ASSIGNMENT: What you write must match, character for character, the lines from the one with "Our Impact PillarsALIGNED" down to the one with "意味不明あだ名 | 『とにかく怪しいさあた』『自称さあた』 |" in the listing below, minus its pictures.

THE RECORDS:
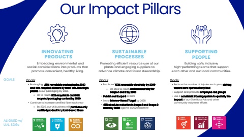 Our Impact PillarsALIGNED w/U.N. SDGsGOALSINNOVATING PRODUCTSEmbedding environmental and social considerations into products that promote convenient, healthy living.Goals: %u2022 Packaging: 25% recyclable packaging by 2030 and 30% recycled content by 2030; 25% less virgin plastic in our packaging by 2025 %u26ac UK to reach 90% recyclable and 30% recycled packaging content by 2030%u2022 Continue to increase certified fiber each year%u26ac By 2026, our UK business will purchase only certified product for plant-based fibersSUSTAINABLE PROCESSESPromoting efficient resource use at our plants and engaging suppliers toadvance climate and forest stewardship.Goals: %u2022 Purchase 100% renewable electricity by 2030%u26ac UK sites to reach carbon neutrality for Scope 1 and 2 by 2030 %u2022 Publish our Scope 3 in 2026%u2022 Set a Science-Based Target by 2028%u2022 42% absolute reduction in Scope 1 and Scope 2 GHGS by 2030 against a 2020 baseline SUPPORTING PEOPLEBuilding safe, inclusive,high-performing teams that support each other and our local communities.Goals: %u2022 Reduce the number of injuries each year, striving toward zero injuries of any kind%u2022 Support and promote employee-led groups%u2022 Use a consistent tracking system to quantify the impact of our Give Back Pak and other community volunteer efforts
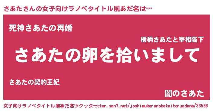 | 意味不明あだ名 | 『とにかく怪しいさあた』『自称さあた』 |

--

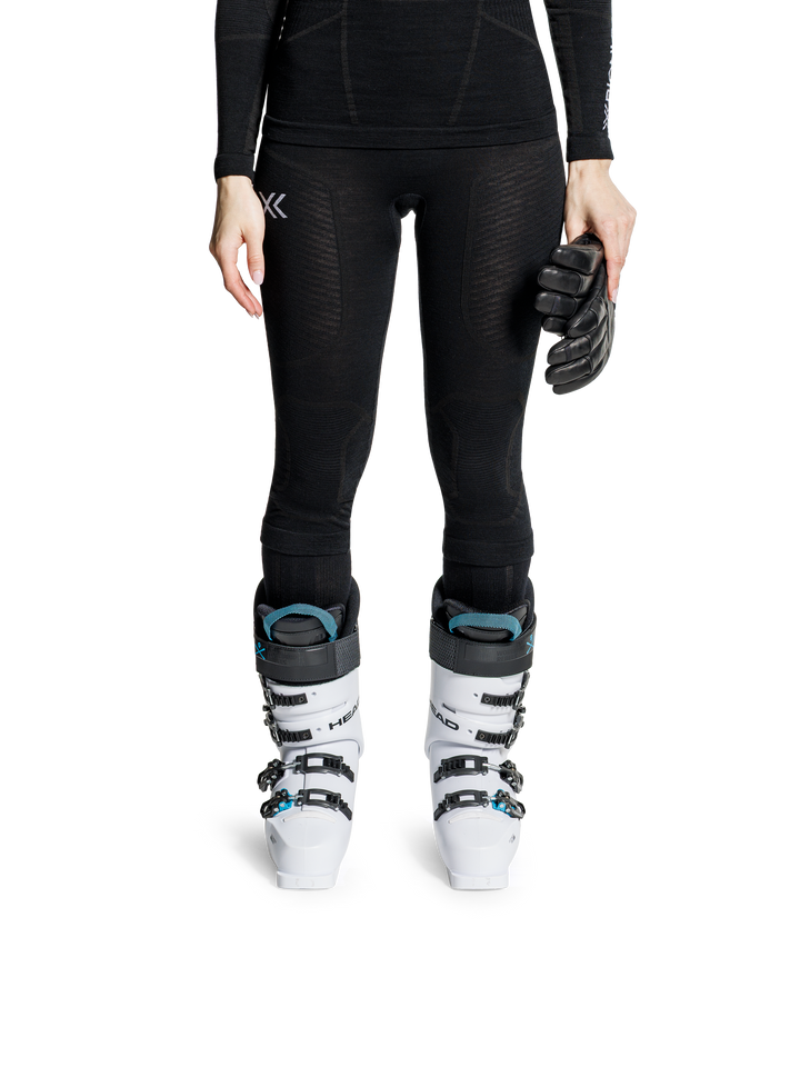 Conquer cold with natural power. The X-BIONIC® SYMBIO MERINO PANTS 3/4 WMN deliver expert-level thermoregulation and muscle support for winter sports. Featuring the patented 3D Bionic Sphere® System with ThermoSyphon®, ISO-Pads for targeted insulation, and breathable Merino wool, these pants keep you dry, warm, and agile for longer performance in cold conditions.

ANSWER SECTION:
 Our Impact PillarsALIGNED w/U.N. SDGsGOALSINNOVATING PRODUCTSEmbedding environmental and social considerations into products that promote convenient, healthy living.Goals: %u2022 Packaging: 25% recyclable packaging by 2030 and 30% recycled content by 2030; 25% less virgin plastic in our packaging by 2025 %u26ac UK to reach 90% recyclable and 30% recycled packaging content by 2030%u2022 Continue to increase certified fiber each year%u26ac By 2026, our UK business will purchase only certified product for plant-based fibersSUSTAINABLE PROCESSESPromoting efficient resource use at our plants and engaging suppliers toadvance climate and forest stewardship.Goals: %u2022 Purchase 100% renewable electricity by 2030%u26ac UK sites to reach carbon neutrality for Scope 1 and 2 by 2030 %u2022 Publish our Scope 3 in 2026%u2022 Set a Science-Based Target by 2028%u2022 42% absolute reduction in Scope 1 and Scope 2 GHGS by 2030 against a 2020 baseline SUPPORTING PEOPLEBuilding safe, inclusive,high-performing teams that support each other and our local communities.Goals: %u2022 Reduce the number of injuries each year, striving toward zero injuries of any kind%u2022 Support and promote employee-led groups%u2022 Use a consistent tracking system to quantify the impact of our Give Back Pak and other community volunteer efforts
 | 意味不明あだ名 | 『とにかく怪しいさあた』『自称さあた』 |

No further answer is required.